[TASK PROMPT]
Restate word for word the section of the entries that opens at the line containing "but I did it!" and closes at the line containing "This app has", both lines kept, pictures dropped.

[EXERCISE INPUTS]
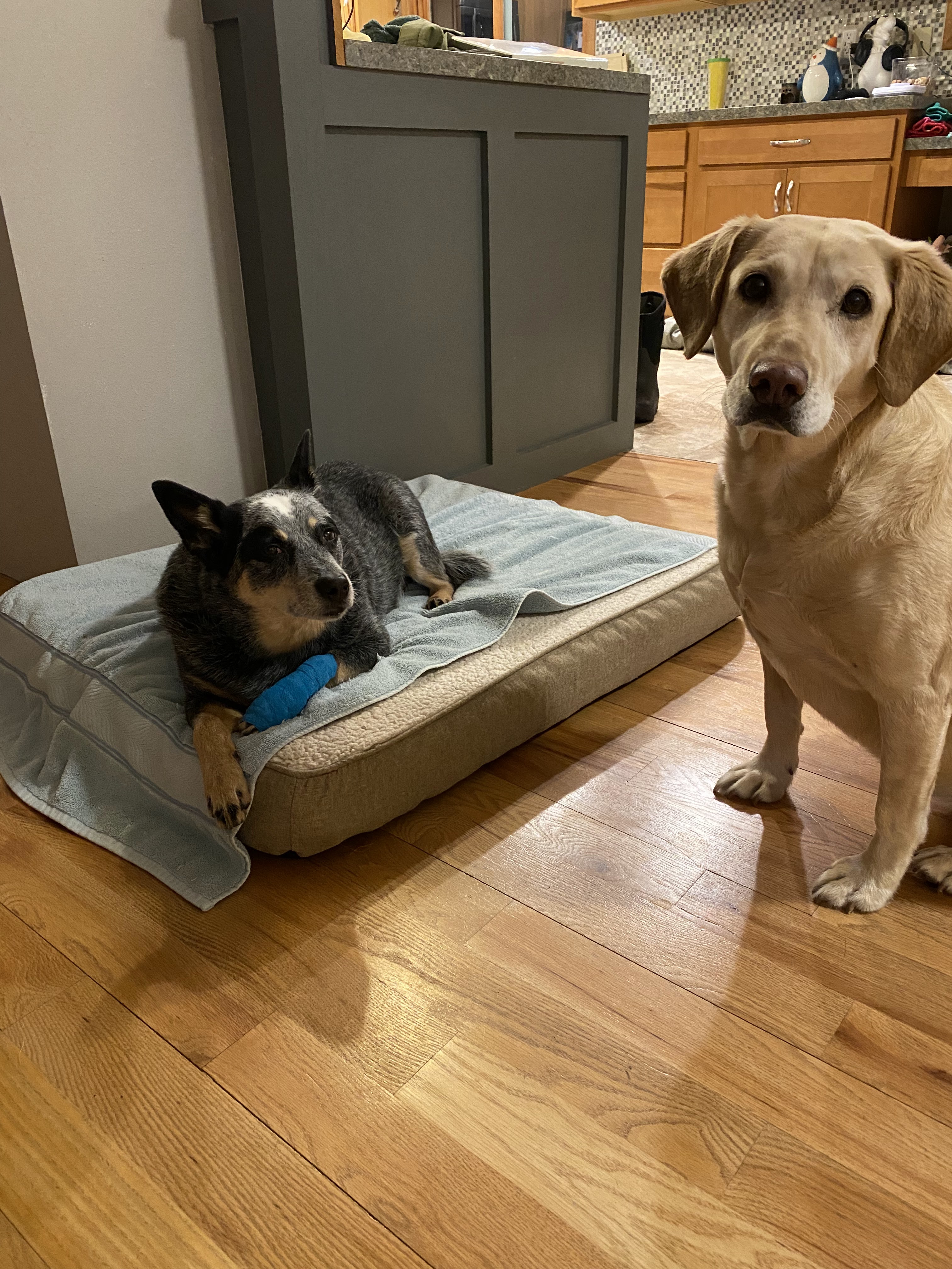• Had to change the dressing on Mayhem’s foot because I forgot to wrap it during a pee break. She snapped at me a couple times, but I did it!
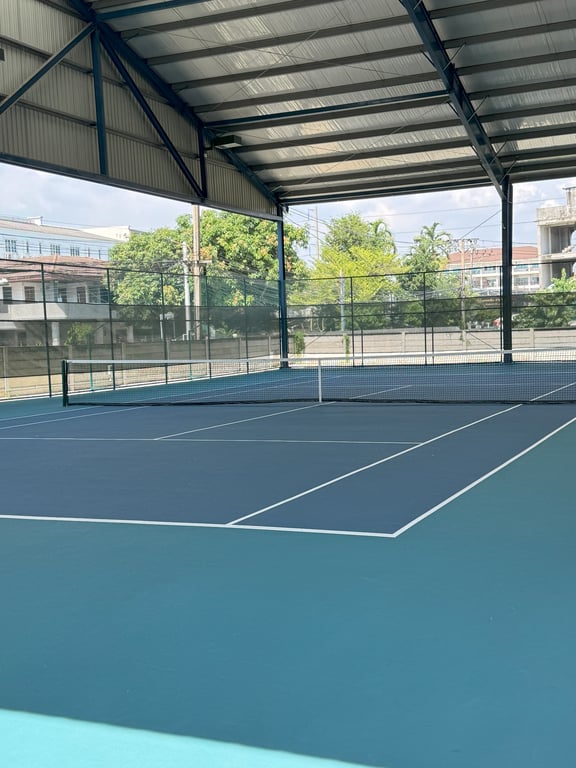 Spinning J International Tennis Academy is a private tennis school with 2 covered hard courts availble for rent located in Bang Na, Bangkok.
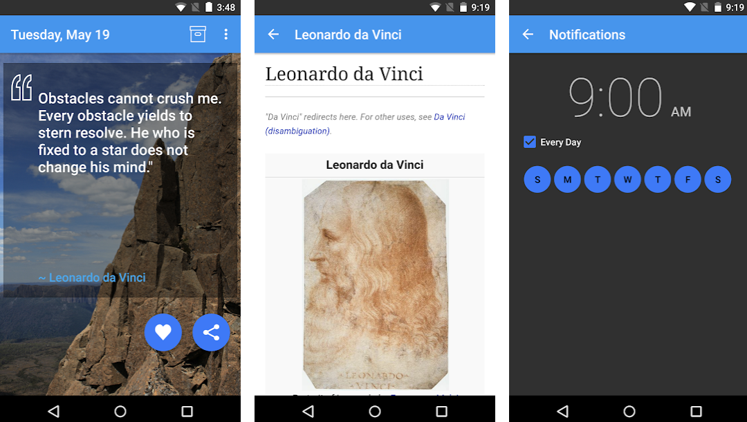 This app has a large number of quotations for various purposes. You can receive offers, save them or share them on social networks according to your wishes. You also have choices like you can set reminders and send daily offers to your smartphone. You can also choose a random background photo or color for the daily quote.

...

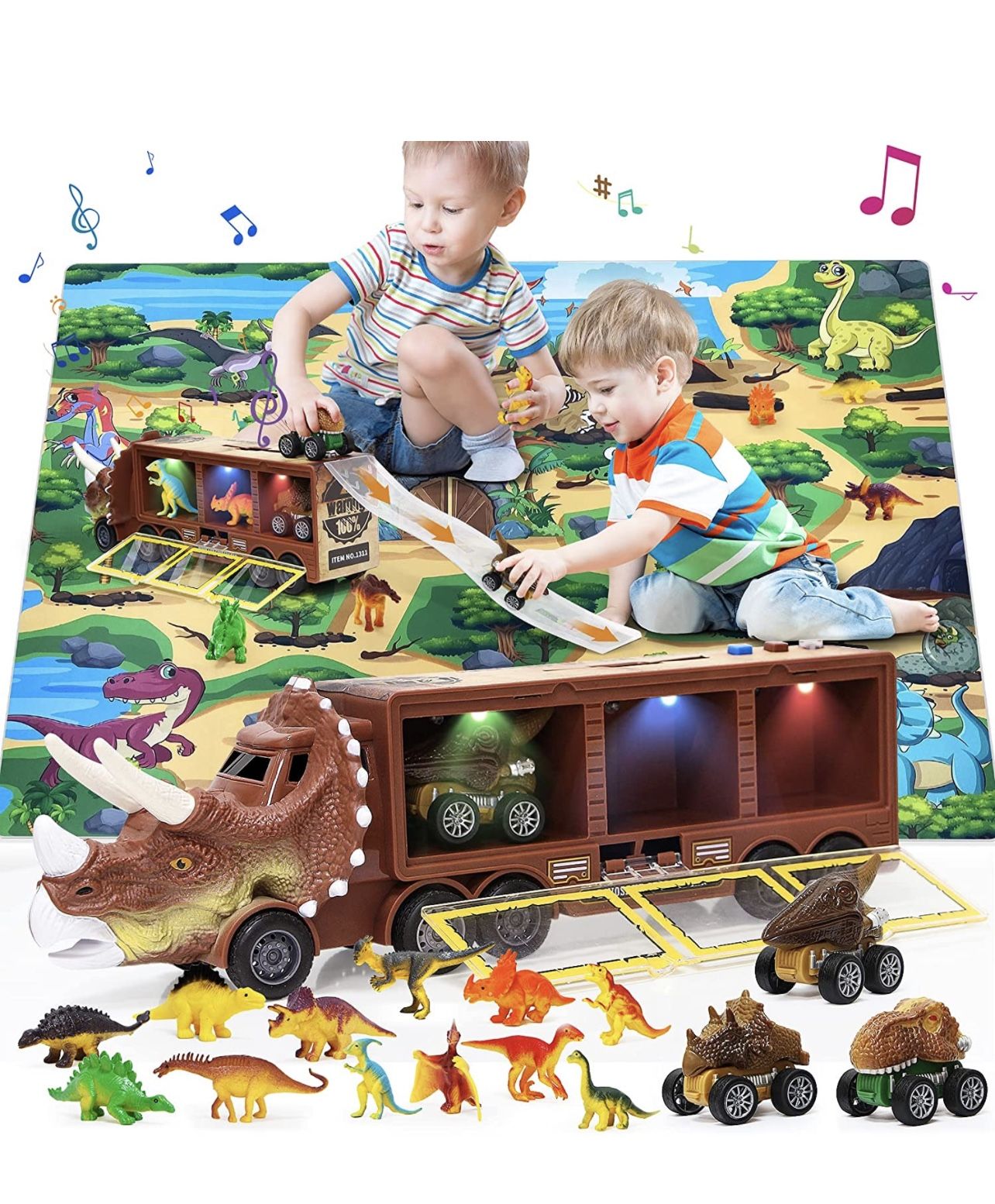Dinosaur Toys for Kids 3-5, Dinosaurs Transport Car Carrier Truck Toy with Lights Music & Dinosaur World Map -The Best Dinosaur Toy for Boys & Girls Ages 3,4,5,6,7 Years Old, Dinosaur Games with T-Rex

...

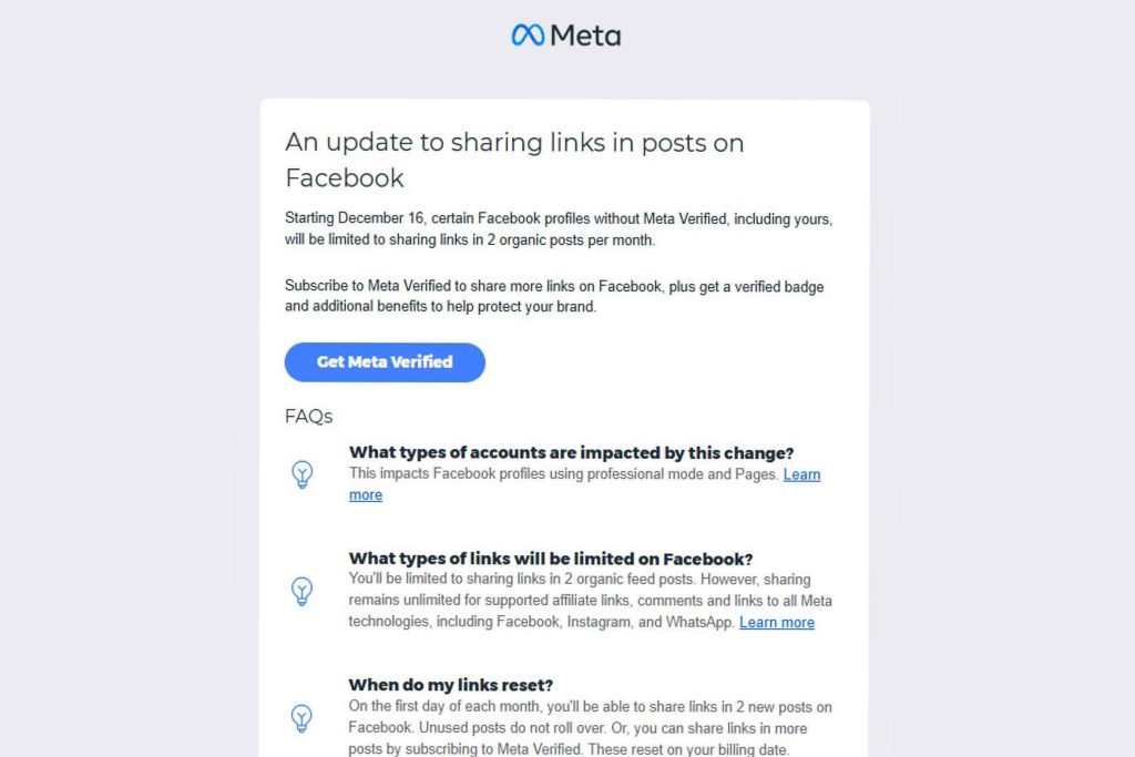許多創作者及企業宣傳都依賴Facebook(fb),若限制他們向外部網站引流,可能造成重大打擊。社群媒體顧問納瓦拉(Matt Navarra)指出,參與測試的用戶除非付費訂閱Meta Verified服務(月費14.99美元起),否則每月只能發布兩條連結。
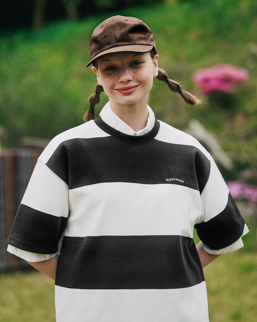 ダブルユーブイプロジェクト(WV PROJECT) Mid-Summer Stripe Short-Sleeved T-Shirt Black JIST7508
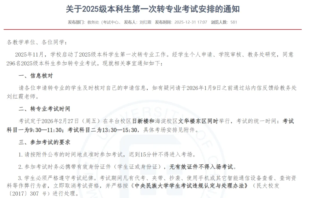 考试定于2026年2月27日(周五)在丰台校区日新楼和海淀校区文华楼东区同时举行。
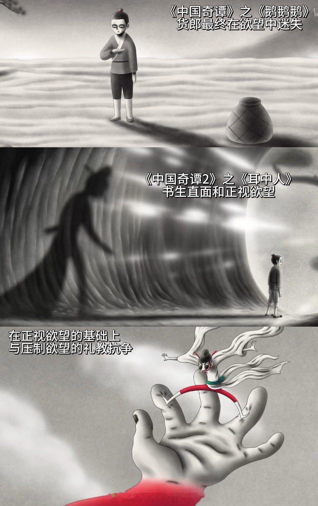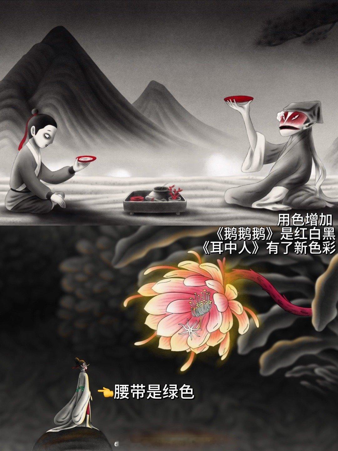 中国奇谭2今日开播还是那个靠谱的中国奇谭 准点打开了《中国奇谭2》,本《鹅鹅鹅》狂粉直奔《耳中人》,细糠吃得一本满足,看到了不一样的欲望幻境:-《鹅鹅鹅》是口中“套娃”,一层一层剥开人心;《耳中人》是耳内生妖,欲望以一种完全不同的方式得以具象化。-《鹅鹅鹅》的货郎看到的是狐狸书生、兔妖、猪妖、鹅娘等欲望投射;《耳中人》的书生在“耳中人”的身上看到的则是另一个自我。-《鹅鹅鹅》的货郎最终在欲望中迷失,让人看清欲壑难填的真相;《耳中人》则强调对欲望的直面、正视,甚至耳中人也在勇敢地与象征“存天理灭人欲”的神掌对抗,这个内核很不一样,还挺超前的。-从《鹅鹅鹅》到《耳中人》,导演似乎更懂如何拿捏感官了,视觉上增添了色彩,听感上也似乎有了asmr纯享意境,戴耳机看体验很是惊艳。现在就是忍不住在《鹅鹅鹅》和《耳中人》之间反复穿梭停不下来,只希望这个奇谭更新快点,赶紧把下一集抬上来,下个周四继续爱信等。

[RESULT FOR THIS TASK]
• Had to change the dressing on Mayhem’s foot because I forgot to wrap it during a pee break. She snapped at me a couple times, but I did it!
 Spinning J International Tennis Academy is a private tennis school with 2 covered hard courts availble for rent located in Bang Na, Bangkok.
 This app has a large number of quotations for various purposes. You can receive offers, save them or share them on social networks according to your wishes. You also have choices like you can set reminders and send daily offers to your smartphone. You can also choose a random background photo or color for the daily quote.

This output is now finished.